Our approach indeed learns the dynamics of spatio-temporal systems from raw and partial image observations without prior knowledge of the system. We start by presenting our model and analyze its properties (Sect. 3) as well as the adjoint equation used for training it (Sect. 4). We then introduce two instances of this general model (Sect. 5). In the experimental sections, we make use of the model for two problems. First for the well-known Navier–Stokes equations (Sect. 6), which underlie a large amount of physical phenomena, for example in the ocean-atmosphere exchanges. Second, on the prediction of Sea Surface Temperature (Sect. 7), for which we use data coming from a sophisticated ocean dynamics model which is improved using actual observations. Our experiments demonstrate a clear improvement over state-of-the-art deep learning baselines in terms of forecasting accuracy. We further analyze experimentaly how the learned state dynamics characterize the non-observed state variables. This is up to our knowledge the first data driven model able to forecast complex spatio-temporal dynamics characteristics of geophysics applications, in a partially observed context, at this complexity and size levels.

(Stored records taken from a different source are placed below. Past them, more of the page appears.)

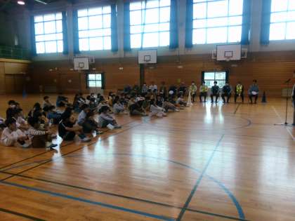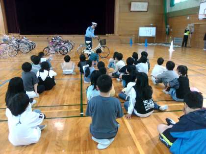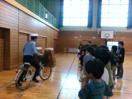 自転車教室を行いました。実際に信号や障害物を置いて、安全に止まったり、曲がったりしたながら自転車に乗り、交通安全に気を付けて乗る気持ちを高めました。
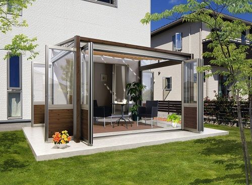 木調パネルで足元目隠し!おしゃれなガーデンルーム
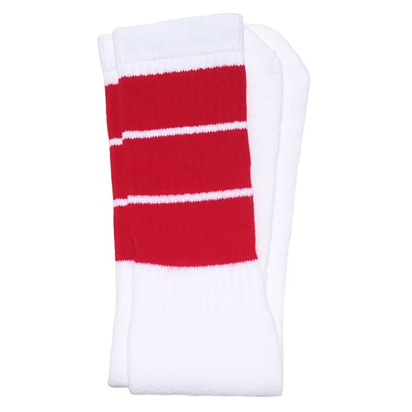 SKATERSOCKS 22" Knee high White tube socks with Red stripes style 5
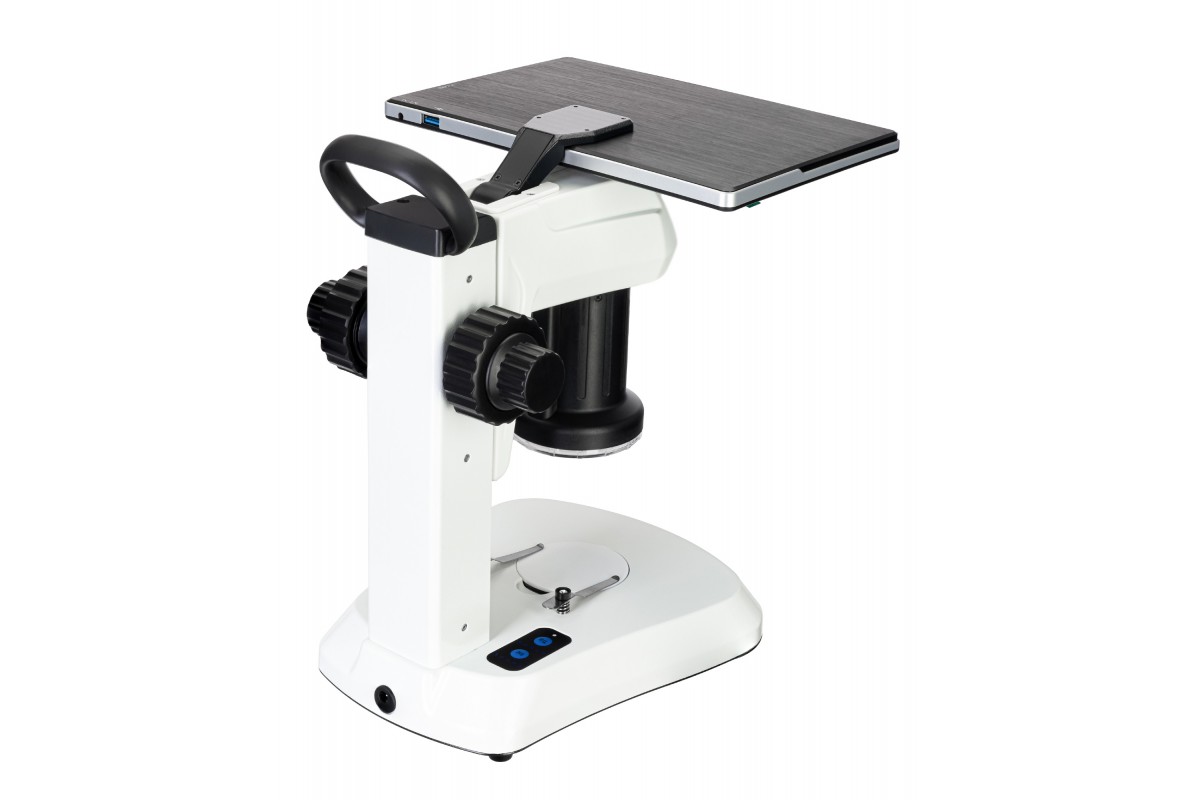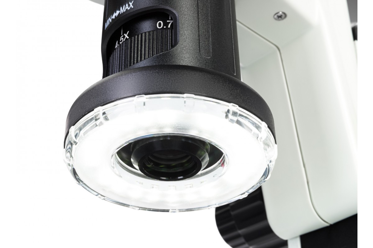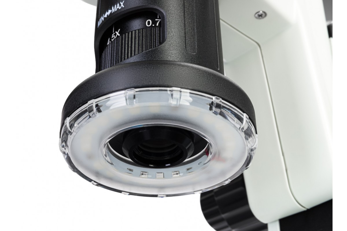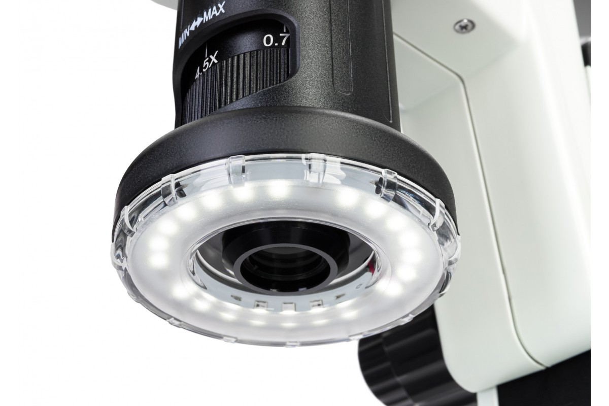 Система светодиодного освещения состоит из классического нижнего источника света и кольцевого верхнего осветителя, который создает бестеневое освещение. Доступна настройка яркости подсветки: всего пять уровней, причем для каждого осветителя регулировка может проводиться отдельно. Также можно откорректировать резкость при помощи ручек грубой и точной фокусировки.
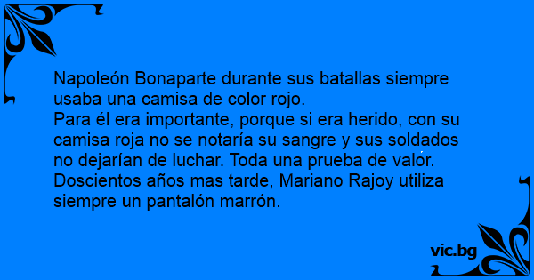 Para él era importante, porque si era herido, соn su camisa roja no se notaría su sangre y sus soldados no dejarían de luchar. Toda una prueba de valor. Doscientos años mas tarde, Mariano Rajoy utiliza siempre un pantalón marrón.
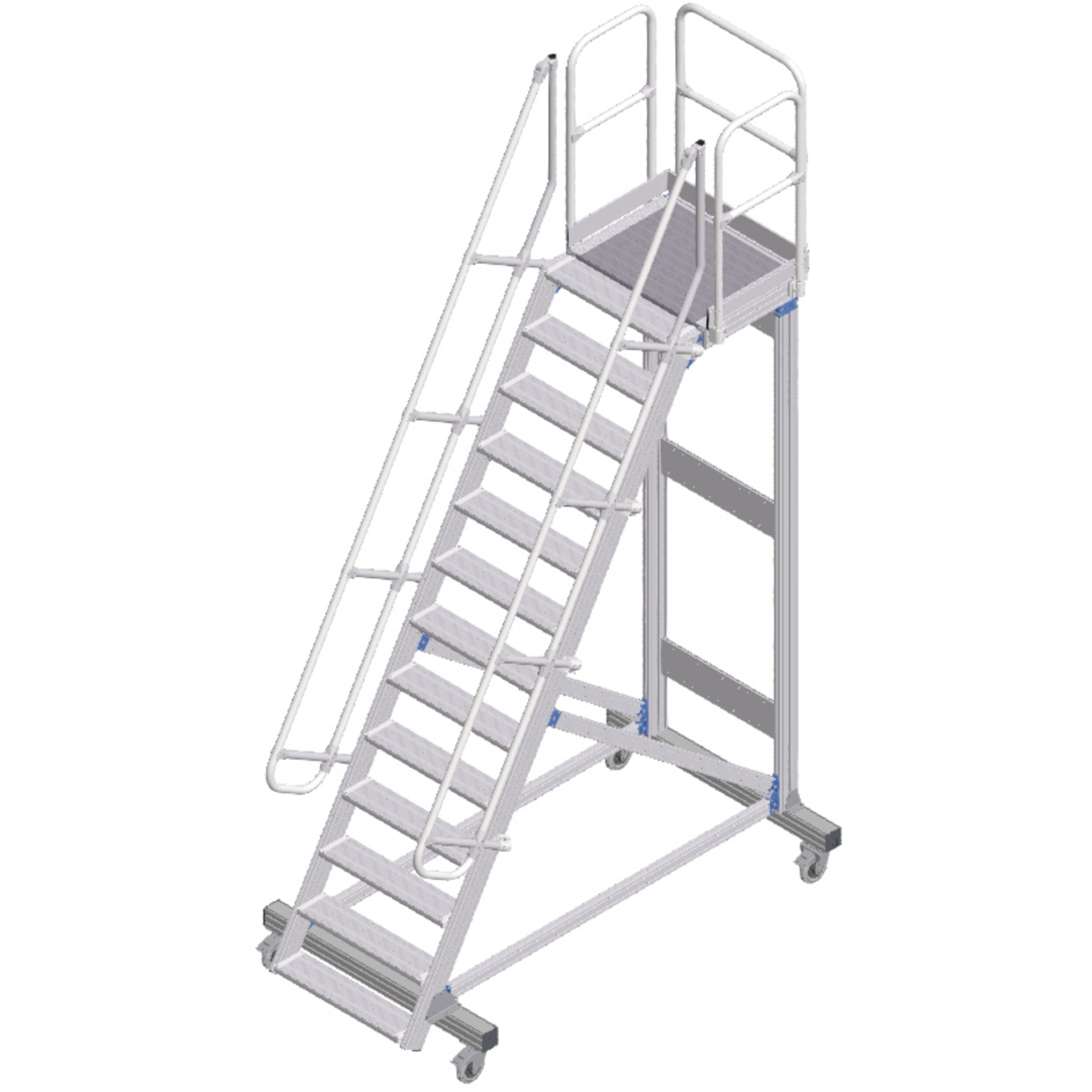 Mobil erişim veya çalışma platformu, konforlu tırmanma olanaklı. Uzun süren çalışmalar için ideal düzeyde uygundur, aletle ve çalışma alanının sıkça değiştirildiği durumlarda da. Yüksekte güvenli ve ergonomik şekilde çalışmak için korkuluklu büyük yüzeyli platform.
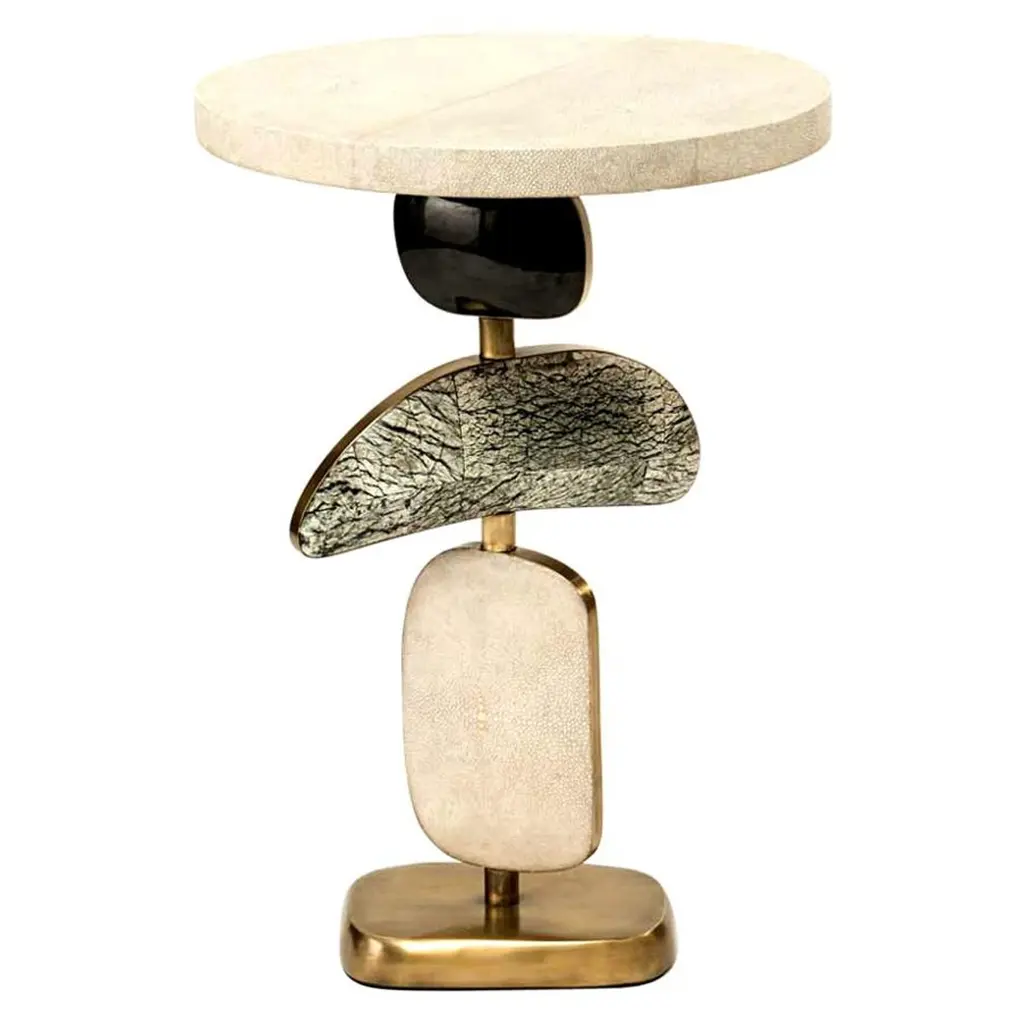 Cosmo Side Table In Shagreen, Lemurian & Bronze-Patina Brass By Kifu, Paris
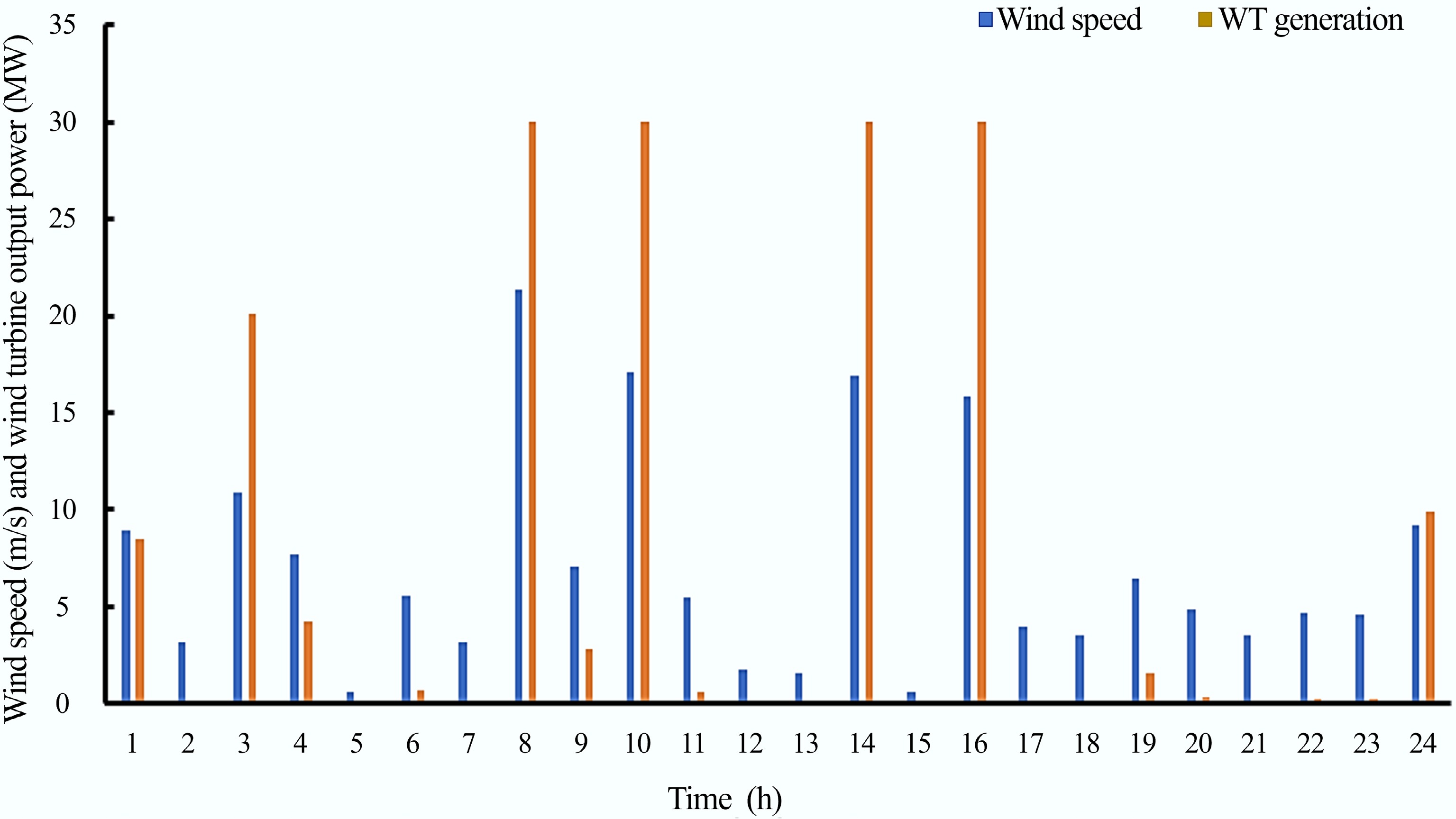 The energy generated by the WT and the wind profile for a 24-h period are depicted in Fig. 6. At low wind speeds, the energy production is minimal, while at moderate and stable wind speeds, the WT operates efficiently. However, during very high wind speeds, protection mechanisms operate to stop generation in order to protect the WT from damage.
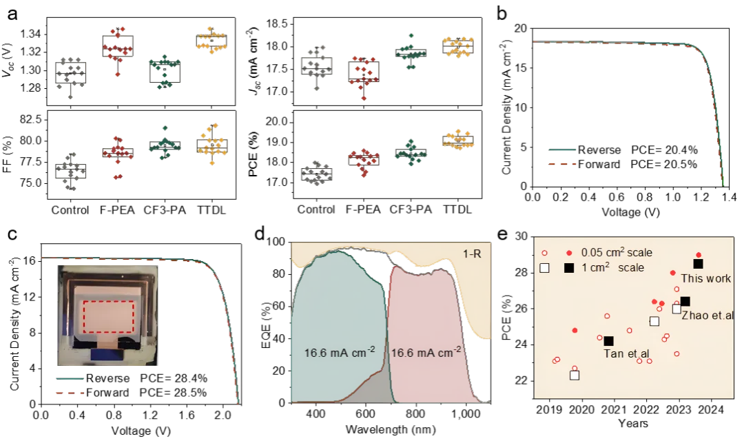 研究團隊進一步地將優化后的寬帶隙鈣鈦礦用于制備全鈣鈦礦疊層太陽電池。在活性區域為1.05 cm2的全鈣鈦礦疊層太陽電池中,實現了28.5%的轉化效率(如圖3c所示)。EQE顯示的匹配電流為16.6 mA cm?2,與當前最佳的小面積全鈣鈦礦疊層太陽電池的數值相當,意味著在面積擴大時沒有發生明顯的電流損失(如圖3d所示)。
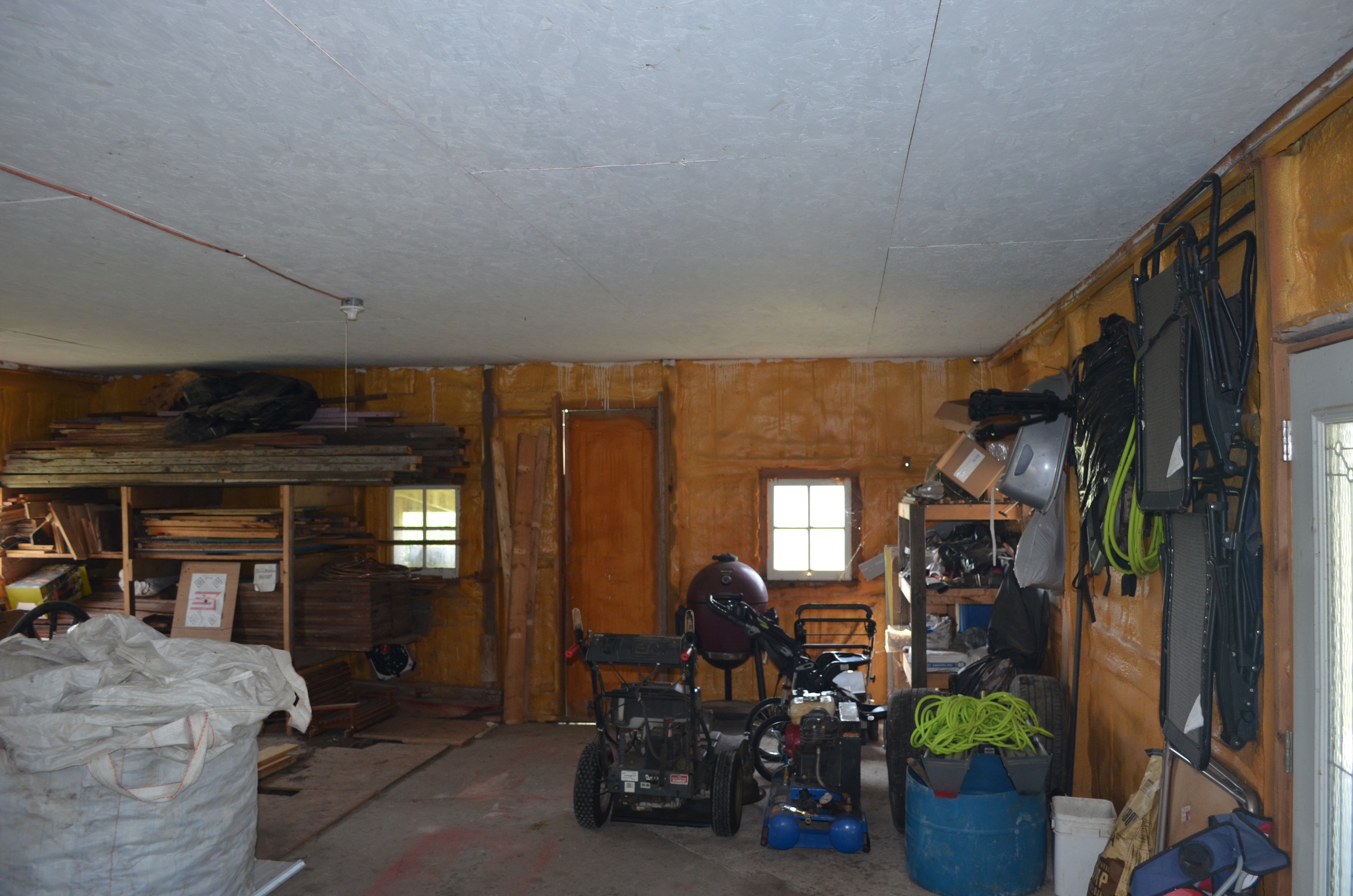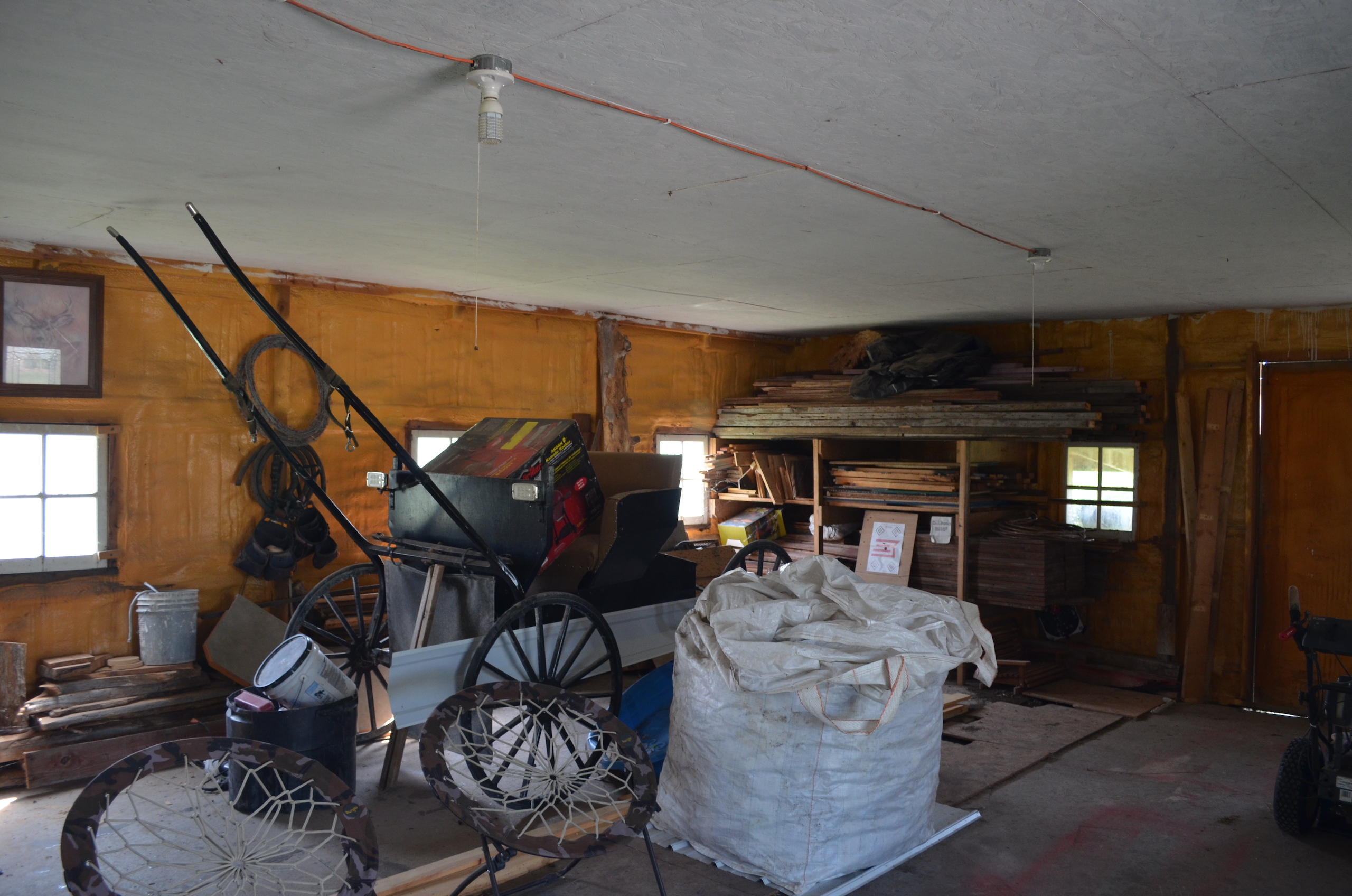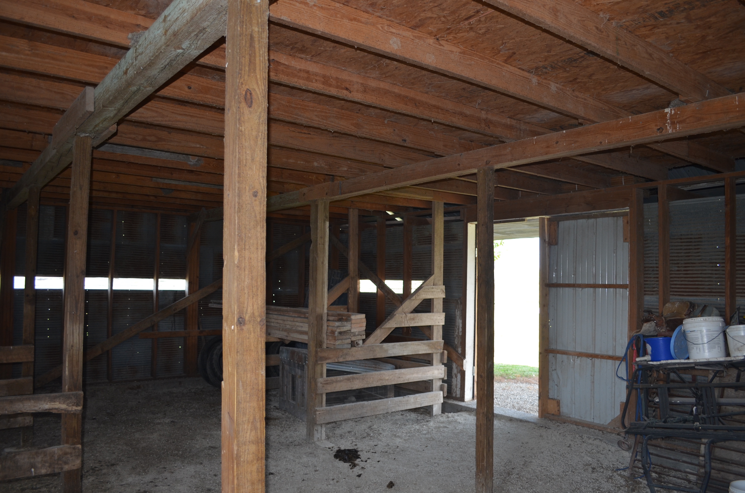 - Shop with partial concrete floor and overhang

To summarize, our main contributions are the following:

We propose a framework for learning spatio-temporal dynamics characteristic of geophysics transport phenomena in the challenging partially observable, large size observation spaces context.
We introduce two settings: the first relies only on observations while the second assumes that a full initial state is available for each trajectory. For both, we analyze the learned state represnetaions with respect to the canonical interpretable physical states.
We demonstrate its performances on two problems: the incompressible Navier–Stokes equations and a challenging and realistic dataset of Sea Surface Temperatures.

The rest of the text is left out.